Exercise directions >> Where the material below has a line containing "Celebrate faith in", start repeating exactly, and keep going through the line containing "杭州市东阳商会关于召开换届工作领导小组会议的通知", with no other lines.

Records for processing >>
· · ·

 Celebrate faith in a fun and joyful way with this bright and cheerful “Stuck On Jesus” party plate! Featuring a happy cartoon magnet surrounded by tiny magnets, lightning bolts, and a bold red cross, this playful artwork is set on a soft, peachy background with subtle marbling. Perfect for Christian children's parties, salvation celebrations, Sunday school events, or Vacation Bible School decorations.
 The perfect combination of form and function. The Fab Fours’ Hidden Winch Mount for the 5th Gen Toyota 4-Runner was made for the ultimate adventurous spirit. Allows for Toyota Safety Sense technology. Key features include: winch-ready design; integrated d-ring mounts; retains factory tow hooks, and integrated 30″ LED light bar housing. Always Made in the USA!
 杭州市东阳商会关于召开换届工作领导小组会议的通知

· · ·

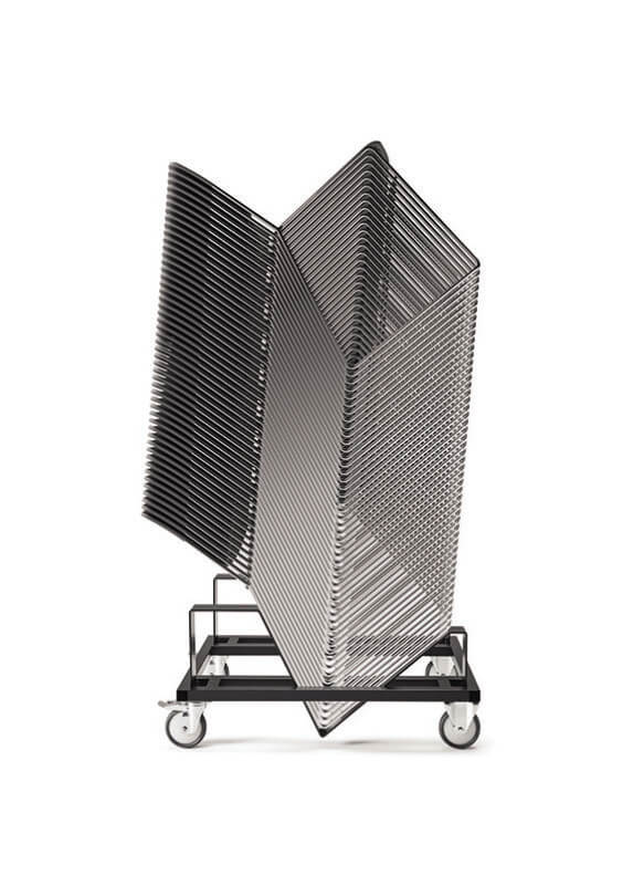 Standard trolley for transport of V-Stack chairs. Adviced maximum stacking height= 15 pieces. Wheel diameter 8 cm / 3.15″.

· · ·

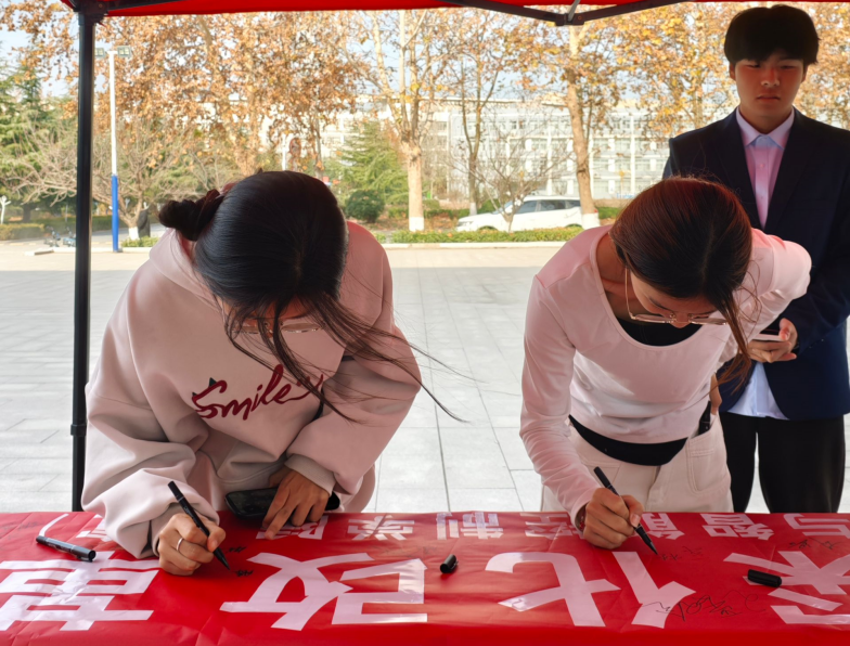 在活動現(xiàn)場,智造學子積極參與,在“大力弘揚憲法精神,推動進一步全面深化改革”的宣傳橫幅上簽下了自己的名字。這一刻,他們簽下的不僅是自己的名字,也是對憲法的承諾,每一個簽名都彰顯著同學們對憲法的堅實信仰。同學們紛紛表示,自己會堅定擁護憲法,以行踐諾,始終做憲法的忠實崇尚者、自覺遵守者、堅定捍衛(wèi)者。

· · ·

Task result >>
 Celebrate faith in a fun and joyful way with this bright and cheerful “Stuck On Jesus” party plate! Featuring a happy cartoon magnet surrounded by tiny magnets, lightning bolts, and a bold red cross, this playful artwork is set on a soft, peachy background with subtle marbling. Perfect for Christian children's parties, salvation celebrations, Sunday school events, or Vacation Bible School decorations.
 The perfect combination of form and function. The Fab Fours’ Hidden Winch Mount for the 5th Gen Toyota 4-Runner was made for the ultimate adventurous spirit. Allows for Toyota Safety Sense technology. Key features include: winch-ready design; integrated d-ring mounts; retains factory tow hooks, and integrated 30″ LED light bar housing. Always Made in the USA!
 杭州市东阳商会关于召开换届工作领导小组会议的通知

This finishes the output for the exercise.